INSTRUCTIONS TO FOLLOW: Skip pictures in the listing below; copy exactly the lines from the one with "E-Z-Go 98+, Small" through the one with "Don Simon tomato juice 200ml €2.50", inclusive.

PROVIDED DATA:

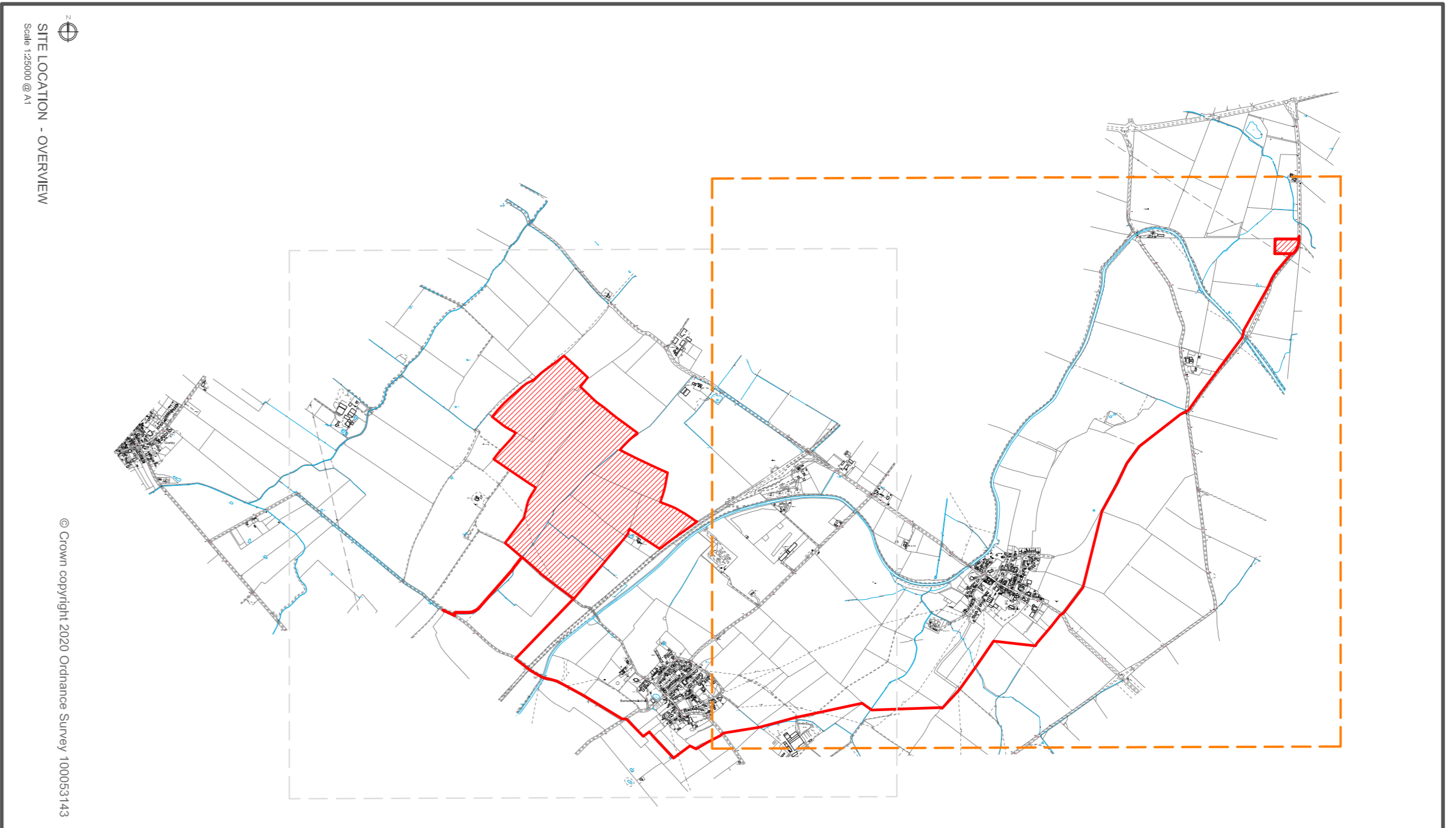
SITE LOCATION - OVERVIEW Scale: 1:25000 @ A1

--

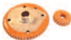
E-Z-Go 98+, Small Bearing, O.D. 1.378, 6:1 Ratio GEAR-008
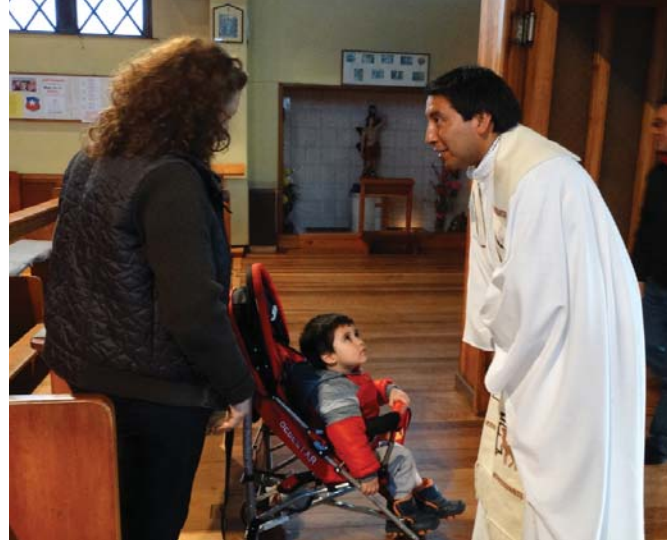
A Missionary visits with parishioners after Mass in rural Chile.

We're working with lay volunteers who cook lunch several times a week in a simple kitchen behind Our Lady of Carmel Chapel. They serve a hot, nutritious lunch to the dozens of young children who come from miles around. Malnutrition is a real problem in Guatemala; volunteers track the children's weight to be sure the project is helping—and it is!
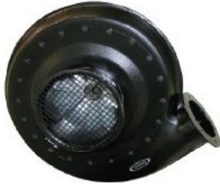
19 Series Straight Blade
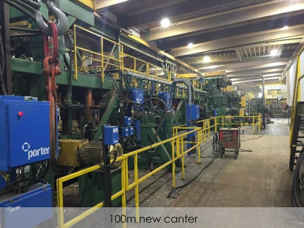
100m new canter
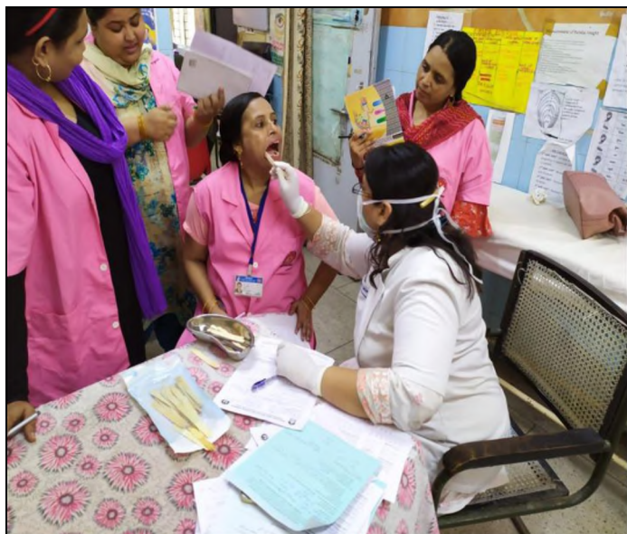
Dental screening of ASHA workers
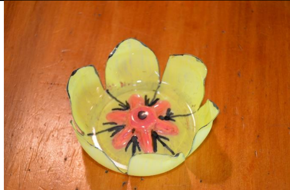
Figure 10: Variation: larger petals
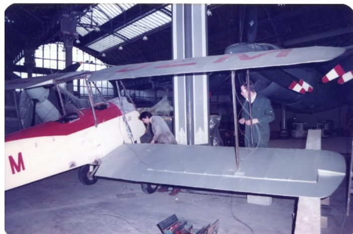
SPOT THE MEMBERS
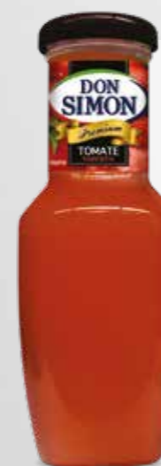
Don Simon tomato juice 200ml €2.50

SOLUTION FOR THIS PROBLEM:
E-Z-Go 98+, Small Bearing, O.D. 1.378, 6:1 Ratio GEAR-008
A Missionary visits with parishioners after Mass in rural Chile.

We're working with lay volunteers who cook lunch several times a week in a simple kitchen behind Our Lady of Carmel Chapel. They serve a hot, nutritious lunch to the dozens of young children who come from miles around. Malnutrition is a real problem in Guatemala; volunteers track the children's weight to be sure the project is helping—and it is!
19 Series Straight Blade
100m new canter
Dental screening of ASHA workers
Figure 10: Variation: larger petals
SPOT THE MEMBERS
Don Simon tomato juice 200ml €2.50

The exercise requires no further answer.